Historia #29: Esas estúpidas "creepypastas"




Hace algún tiempo, cambié todas mis cartas Mitos y Leyendas por una consola Nintendo 64 usada, con unos cuantos juegos bastante malos (de esos que nadie compraría aunque costaran mil pesos) y un par de Joysticks (así se llamaban sus famosos e incómodos controles) algo defectuosos. Me sentí contento, maravillado por poder volver a repetir las experiencias que me hacían tan feliz cuando era un inocente niño que no solía salir de su casa por nada, menos aún en vacaciones de invierno o verano.
Sin embargo, sucedió que uno de estos juegos con los que venía mi consola no tenía carátula como los demás; de hecho, estaba rayado con plumón rojo permanente, como si un niño de cinco años hubiera hecho su primera obra de arte en él. Entonces recordé una creepypasta relacionada con un cartucho maldito que se parecía bastante al mío (al menos en lo físico), lo que me asustó bastante. Pensé: “¿y si el cartucho está de veras maldito y de verdad me ocurre algo malo?”; unas cuantas veces estuve a punto de insertarlo en la ranura de la consola y darle play a ver qué ocurría, pero siempre lo sacaba antes de seguir con mi tonta y suicida idea; por eso nunca descubrí qué juego era…
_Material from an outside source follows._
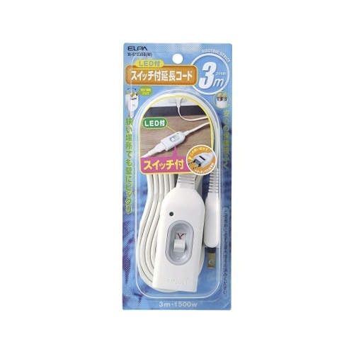 朝日電器 スイッチ付延長コード 3m W−S1030B(W) A04F-1874

Hasta que una noche, luego de haber bebido mucho vino tinto y otras porquerías con mis amigos, volví a casa golpeando las paredes por no poder sostenerme muy bien con mis piernas. Fue ahí que antes de dejarme caer como un verdadero saco de papas sobre la cama, con ropa y todo, reparé en que había dejado el famoso juego sin nombre sobre un montón de suciedad en mi mesita de noche; sentí un escalofrío al verlo, pero como estaba borracho, lo tomé y lo puse en la consola, diciendo en trabajosa voz alta: “ahhh, juego culiao’”. Con una mano temblorosa por culpa del alcohol y el temor, encendí el televisor y después la consola, llevándome una grata sorpresa al darme cuenta que el juego que llevaba evitando por meses, era en realidad Star Fox 64, uno de mis favoritos. ¡No podía creer lo idiota que había sido todo ese tiempo, temiéndole a un simple juego sin nombre por leer unas cuantas historias falsas sobre un caso parecido al mío por Internet! Me dieron ganas de reventarme las bolas por estúpido.
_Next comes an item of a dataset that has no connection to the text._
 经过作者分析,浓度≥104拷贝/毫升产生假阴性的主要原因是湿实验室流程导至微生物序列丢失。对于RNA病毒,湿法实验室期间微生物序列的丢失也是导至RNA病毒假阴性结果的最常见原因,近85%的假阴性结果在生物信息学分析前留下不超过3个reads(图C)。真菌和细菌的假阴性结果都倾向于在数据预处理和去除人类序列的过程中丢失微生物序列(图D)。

De todas maneras, fue desde ese entonces que me he vuelto más amigo del alcohol y su gran poder para hacer que hasta el más nena de los hombres gane la valentía necesaria para hacer todo lo que tenga en mente.
¿Si esta historia tiene una moraleja? ¡Por supuesto que sí: si tienen miedo, beban vino tinto, o lo que sea, y se les pasará al instante!; y si no se les acaba con eso, pues denle más duro a la botella hasta quedar inconscientes: seguro que ahí no sentirán nada, ni siquiera miedo, nada de nada.



Estado #5



−¿Vo’ soy güeón, o le creí’ a la Pilar Sordo?